**What the task requires**
Verbatim output of the lines below is required, with the images omitted.

**Supplied information**
|---|

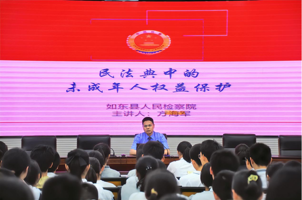 为全面推进法治进校园,切实加强民法典的学习宣传教育,近日,如东县人民检察院党组书记、检察长方海军以法治副校长的身份,受邀至如东高级中学就未成年人权益保护作专题讲座。
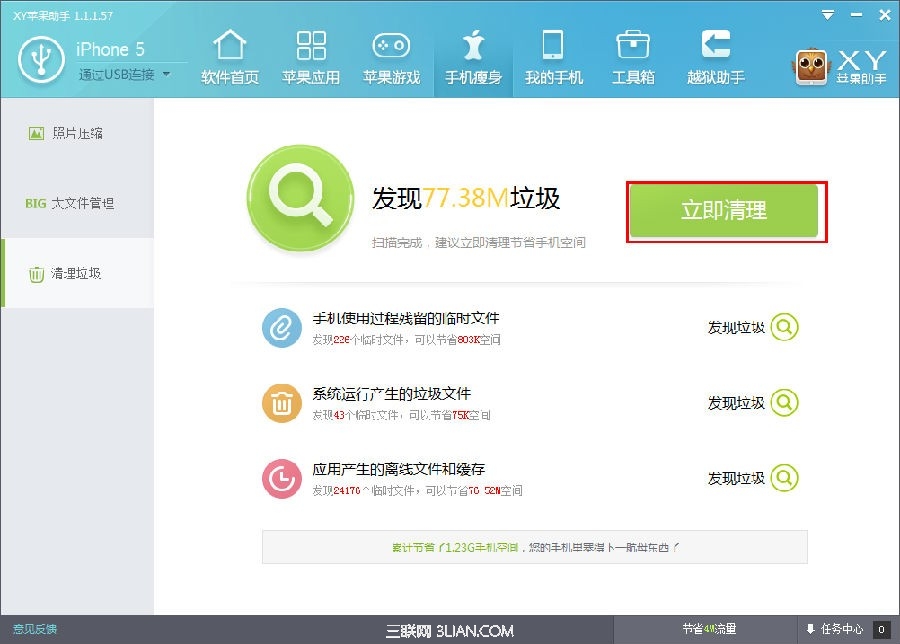 2.待掃描完畢後,XY蘋果助手會顯示出您手機中需要清理的垃圾文件,點擊“立即清理”按鈕便可輕松清理掉這些垃圾文件。幫您的手機提升速度,節約出更多空間。
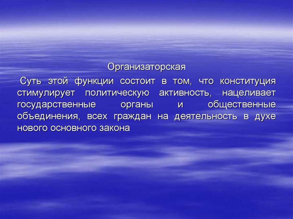 ОрганизаторскаяСуть этой функции состоит в том, что конституция

|---|

**Response area**
 为全面推进法治进校园,切实加强民法典的学习宣传教育,近日,如东县人民检察院党组书记、检察长方海军以法治副校长的身份,受邀至如东高级中学就未成年人权益保护作专题讲座。
 2.待掃描完畢後,XY蘋果助手會顯示出您手機中需要清理的垃圾文件,點擊“立即清理”按鈕便可輕松清理掉這些垃圾文件。幫您的手機提升速度,節約出更多空間。
 ОрганизаторскаяСуть этой функции состоит в том, что конституция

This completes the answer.